Monday 4 July 2011

The Little Vampire Review

The Little Vampire (2000) Review

Hello! My children of the night and welcome to the first installment of what I hope is the first of many vampire movie reviews to come. My mission is to review any and all vampire movies that I possess, until eternity passes me by.

I want to talk to you today about obsessions, what effect do they have on a person and I suppose a more pertinent question would be where and how do they begin. For me, my obsession with vampire movies began all at the tender age of nine when young impressionable me was taken to the local Odeon cinema to see the cinematic adaption of Angela Sommer Bodenburg's Little Vampire series.

The series was initially published under the German title Der Kleine Vampir, beginning circulation in the early 1980's and eventually spawned a television series in the year 1985 that starred Micheal Gough and Gert Frobe.

A second televison series appeared in 1993, but the 2000 movie was the first to the adapt the material for the big silvery screen.

The movie was produced by Richard Curtis and starred the cream of the British crop, Richard E. Grant, John Wood, Jim Carter and Alice Kridge.



The Movie begins with little Tony Thompson a recent American immigrant to Scotland, here the plot embarks on a typical fish out of water story. Tony finds it hard fitting in partially due to the fact that he is completely obsessed with vampires. He ultimatley comes to befriend a vampire when one flies in his window one night. The young vampire also has a family and they establish themselves as the main character focus of the film alongside Tony.
From here the greatest and widest deviations from the novel series becomes evident, in the original stories the vampires enjoyed being vampires and were all delightfully quirky characters each possesing individual personalities. But in the film they long to become human and despise being vampires and all search for a mystical stone to guarantee their humanity. Now whilst it is true that each story in the books was rather episodic and the story was relatively self contained and I suppose the film did require some sembleance of a plot, but I hate these changes they make the characters completely quirk-less they're bland and rather one dimensional, the only characters who seem genuinly likeable is Anna, portrayed by Anna Popplewell, who is in love with Tony and possess a cheerful yet morbid disposition.
And of course the vampire hunter Rookery, now usually vampire movies cheer on the vampire hunter and hope he defeats the villianous vampire, but here their is a complete role reversal the vampire hunter is the villian and the vampires are the heroes.

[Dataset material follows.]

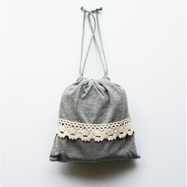 レースとボーダーがかわいい折り畳みスリッパ 巾着袋付き

Jim Carter plays the delicously foul Rookery, a man with poor personal hygeine and an equally poor sense of morality (if any at all), whilst the vampires just look like rejects from an Anne Rice novel.

Overall the film is enjoyable as a functional children's film, it is charming and whilst the performances are rather poor they come across as easy for any child to sink their teeth into, straightforward and simple. I also enjoy how the film utillizes traditional vampire imagery such as stakes, garlic and crosses and if you were me then these were the first vampires you ever saw and rightly so, just goes to show that sometimes traditional is the right way to go.
The film holds a special place in my heart as it was the first vampire movie I ever saw, so I suppose the film is a guilty pleasure, it's not particularly memorable and not in the least bit faithful to the novels but fun all the same. With a little hope it will continue to inspire obsession within all future vamp crazed fanatics.